|FE Editorial : Starcrash|
| The Financial Express|
Every time we think we have heard the worst we could about Air India’s dysfunctionality, the national flag-carrier manages to lower the bar yet again. Civil aviation minister Ajit Singh has delivered the latest jolts. One, he said in an interview, only three of Air India’s 300 routes make money. Two, the airline’s induction into the Star Alliance is definitely history now, with the pilots’ strike apparently delivering the final strike against the airline’s credibility. Simultaneously, Axel Hilgers, the South Asia director of Lufthansa, which was mentoring Air India for induction into the Star Alliance, has devastatingly declared that Dubai is now the real hub of India, not Delhi! Given the many questions that had already been raised against the existing turnaround plan for Air India, the latest developments should really push the government to reconsider its R30,000 bailout plan for India. Also, while Singh keeps repeating that FDI in Indian skies awaits a consensus among UPA allies, Hilgers makes the more pertinent point: Compared with the other Asian growth markets, it doesn’t seem like the aviation industry is currently considered a strategic asset for future development in India. Otherwise, how could the minister simultaneously suggest that the aforementioned FDI approval is necessary but uncertain?
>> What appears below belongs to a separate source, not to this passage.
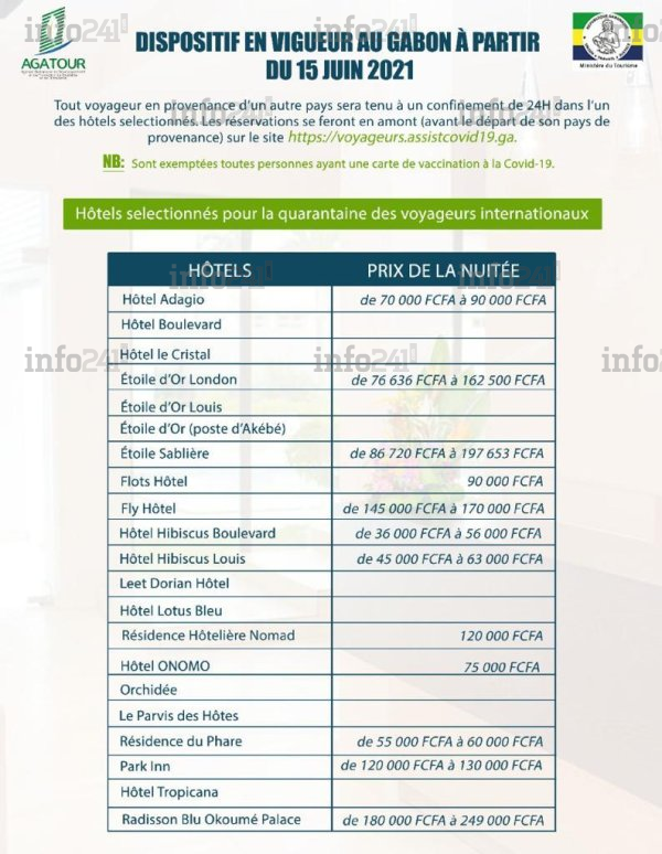 Le Gabon impose désormais une quarantaine obligatoire de 24h pour entrer sur son sol © 2021 D.R./Info241
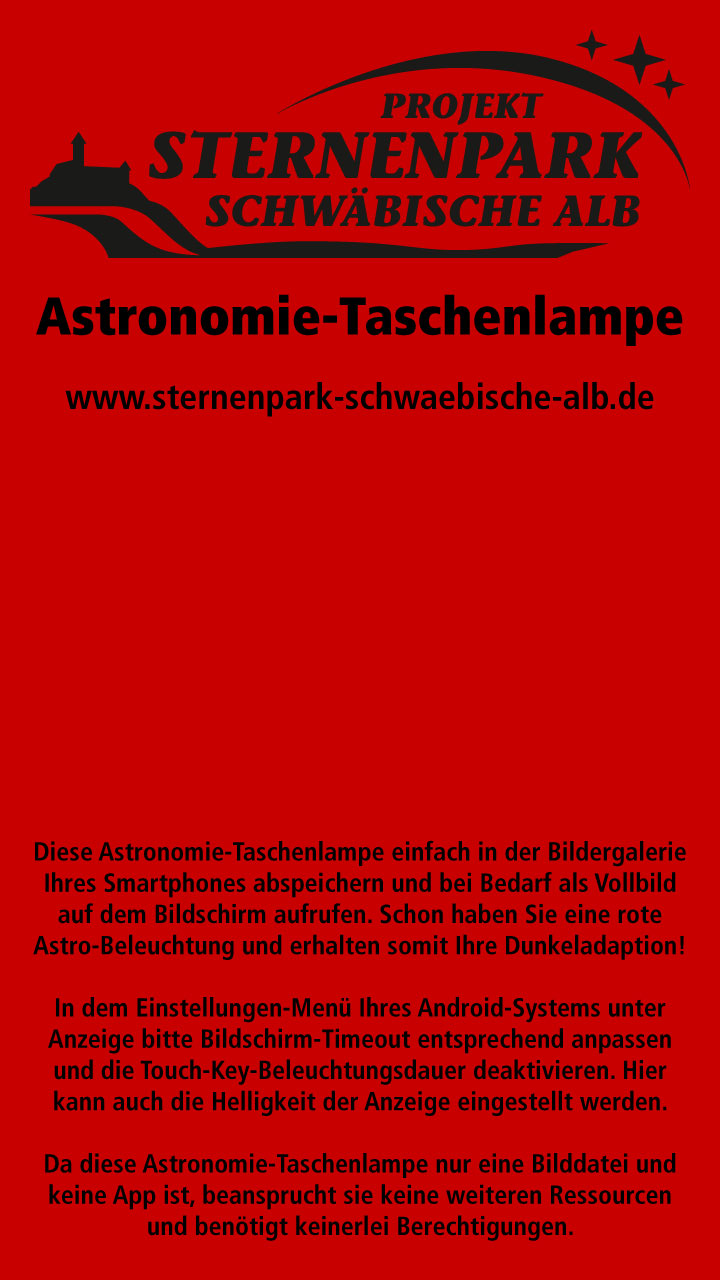 Sie finden hier Medien vom Projekt Sternenpark Schwäbische Alb, die interaktiv auf mobilen Geräten genutzt werden können. Die Verwendung der Medien ist grundsätzlich kostenlos, aber über eine "Spende" würden wir uns sehr freuen. Die Weitergabe an Dritte ist unter der Voraussetzung der Namensnennung (www.sternenpark-schwaebische-alb.de) erlaubt.

As for Air India’s divorce from Star Alliance, this has long-term implications. When the alliance was first forged in 2007, Air India promised to meet 87 minimum joining requirements. Set to the highest standards of customer service, security and technology, some of these were expensive and complicated, like the process of integrating the ticketing codes for erstwhile Indian Airlines and Air India. But all of this was supposed to be worthwhile, for the Star Alliance would allow India’s flag-bearer to add depth to its route network, reallocating unprofitable routes, making the best of primary markets, achieving scale in marketing and maintenance costs, and increasing revenues by 5-15%. Before Star finally abandoned faith in Air India, the airline asked for and got repeated extensions. And proceeded to squander these away. Already, Star, SkyTeam and oneworld alliances (together numbering more than 50 world airlines) dominate a substantial part of global air traffic, and some experts are predicting that the true competition in a decade will be between these alliances rather than between the airlines. They will boast the three biggest check-in-desks! It’s unconscionable that Air India has frittered away this advantage.